41/02 Staatsbürgerschaft, Pass- und Melderecht, Fremdenrecht, Asylrecht

Norm

BVG-Rassendiskriminierung ArtI Abs1
AsylG 2005 §2 Abs1 Z22, §3, §34
  1. AsylG 2005 § 2 heute
  2. AsylG 2005 § 2 gültig von 01.07.2021 bis 23.12.2020 zuletzt geändert durch BGBl. I Nr. 69/2020
  3. AsylG 2005 § 2 gültig ab 24.12.2020 zuletzt geändert durch BGBl. I Nr. 145/2020
  4. AsylG 2005 § 2 gültig von 01.09.2018 bis 23.12.2020 zuletzt geändert durch BGBl. I Nr. 56/2018
  5. AsylG 2005 § 2 gültig von 01.11.2017 bis 31.08.2018 zuletzt geändert durch BGBl. I Nr. 145/2017
  6. AsylG 2005 § 2 gültig von 01.11.2017 bis 31.10.2017 zuletzt geändert durch BGBl. I Nr. 84/2017
  7. AsylG 2005 § 2 gültig von 01.06.2016 bis 31.10.2017 zuletzt geändert durch BGBl. I Nr. 24/2016
  8. AsylG 2005 § 2 gültig von 20.07.2015 bis 31.05.2016 zuletzt geändert durch BGBl. I Nr. 70/2015
  9. AsylG 2005 § 2 gültig von 01.01.2014 bis 19.07.2015 zuletzt geändert durch BGBl. I Nr. 144/2013
  10. AsylG 2005 § 2 gültig von 01.01.2014 bis 31.12.2013 zuletzt geändert durch BGBl. I Nr. 87/2012
  11. AsylG 2005 § 2 gültig von 01.01.2014 bis 31.12.2013 zuletzt geändert durch BGBl. I Nr. 68/2013
  12. AsylG 2005 § 2 gültig von 01.01.2010 bis 31.12.2013 zuletzt geändert durch BGBl. I Nr. 135/2009
  13. AsylG 2005 § 2 gültig von 01.01.2010 bis 31.12.2009 zuletzt geändert durch BGBl. I Nr. 122/2009
  14. AsylG 2005 § 2 gültig von 01.07.2008 bis 31.12.2009 zuletzt geändert durch BGBl.
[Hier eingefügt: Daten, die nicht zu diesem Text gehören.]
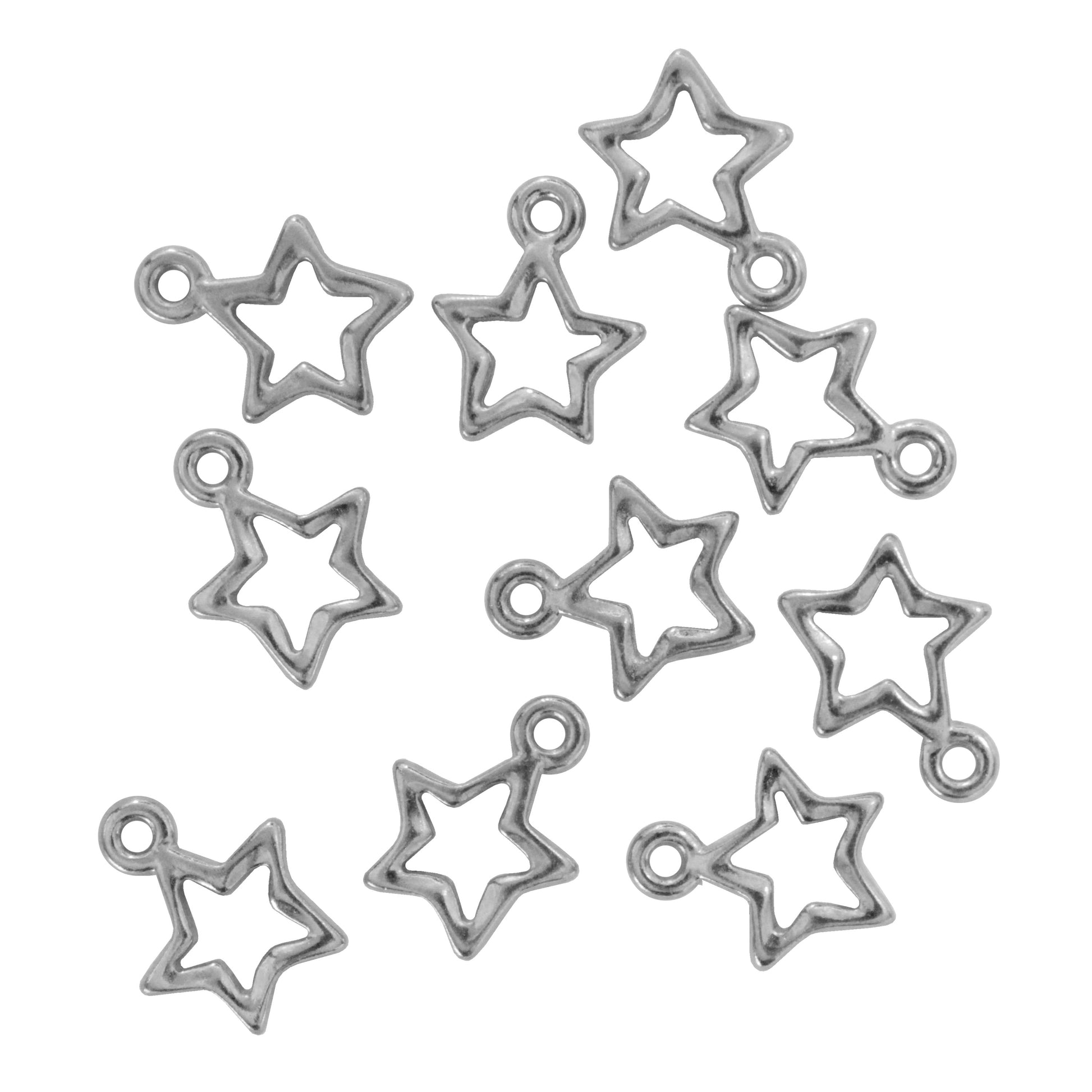 TierraCast Open Star Charm / 10 Pack / plated pewter with a white bronze finish
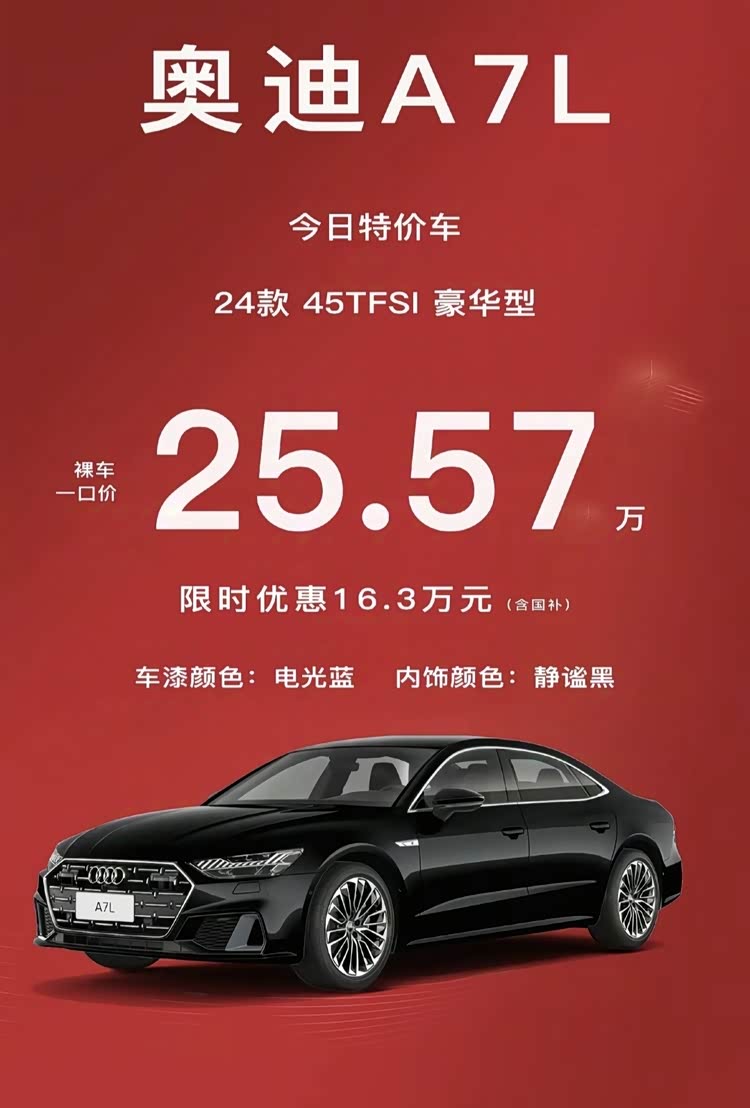 车市进入买方市场后,汽车价格必然暴跌,都说非豪华品牌合资车降价厉害,实际上豪华品牌降价最厉害,可以说跌麻了。比如 奥迪A7L(参数|询价),虽然国产了,但当时指导价依旧高达41.87万,全款超过45万,如果是按揭,加上利息,总费用要小五十万,注意这是入门版哦,现在一口价干到25.57万。这是什么概念?要知道2022年的奥迪A4L,最低配版本的指导价都高达28.98万,全款落地超32万,如今这个价格买一辆奥迪A7L还能有余钱,这就有点尴尬了。
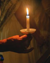 A parishioner holds a candle in the dark church during the Easter Vigil Mass April 19, 2025, at St. Mary Cathedral in Miami.
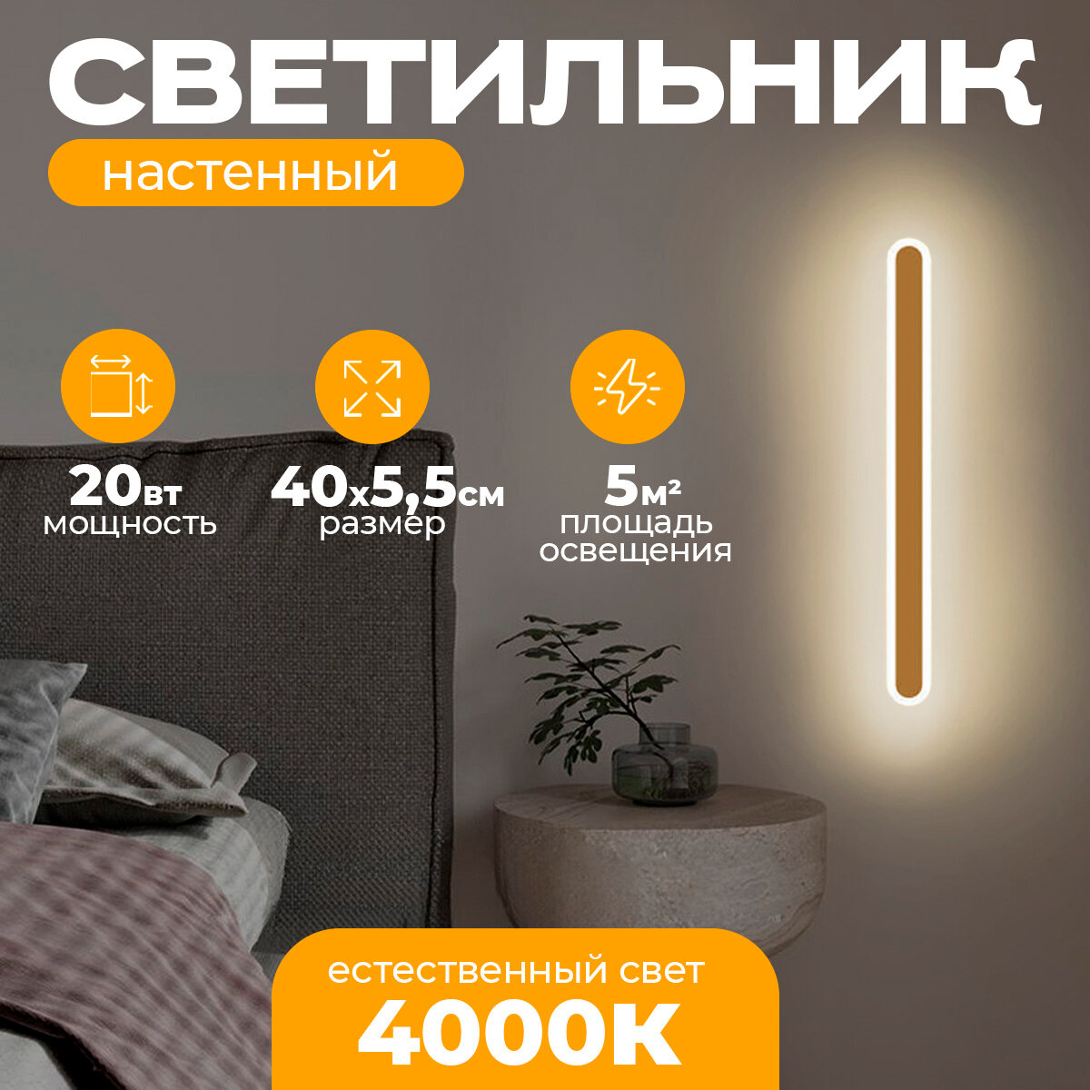 Светильник настенный светодиодный Loft Gold 600x55 мм (теплый белый 3500К) 20W

I Nr. 4/2008
  15. AsylG 2005 § 2 gültig von 01.01.2006 bis 30.06.2008

Leitsatz

Verletzung im Recht auf Gleichbehandlung von Fremden untereinander durch Abweisung des Asylantrags einer iranischen Staatsangehörigen mangels Berücksichtigung der für die Zuerkennung des Status der subsidiär Schutzberechtigten relevanten Gründe betreffend eine Verfolgung auf Grund des Familienverbandes zu ihren Kindern auch unter dem Aspekt der Asylgewährung

Rechtssatz

Dem AsylGH ist es nicht vorzuwerfen, dass er bei der Behandlung des Antrags der Beschwerdeführerin nicht nach §34 AsylG 2005 vorgegangen ist, war der Sohn der Beschwerdeführerin doch bereits zum Zeitpunkt der Antragstellung volljährig und damit nicht als Familienangehöriger iSd §2 Abs1 Z22 AsylG 2005 anzusehen.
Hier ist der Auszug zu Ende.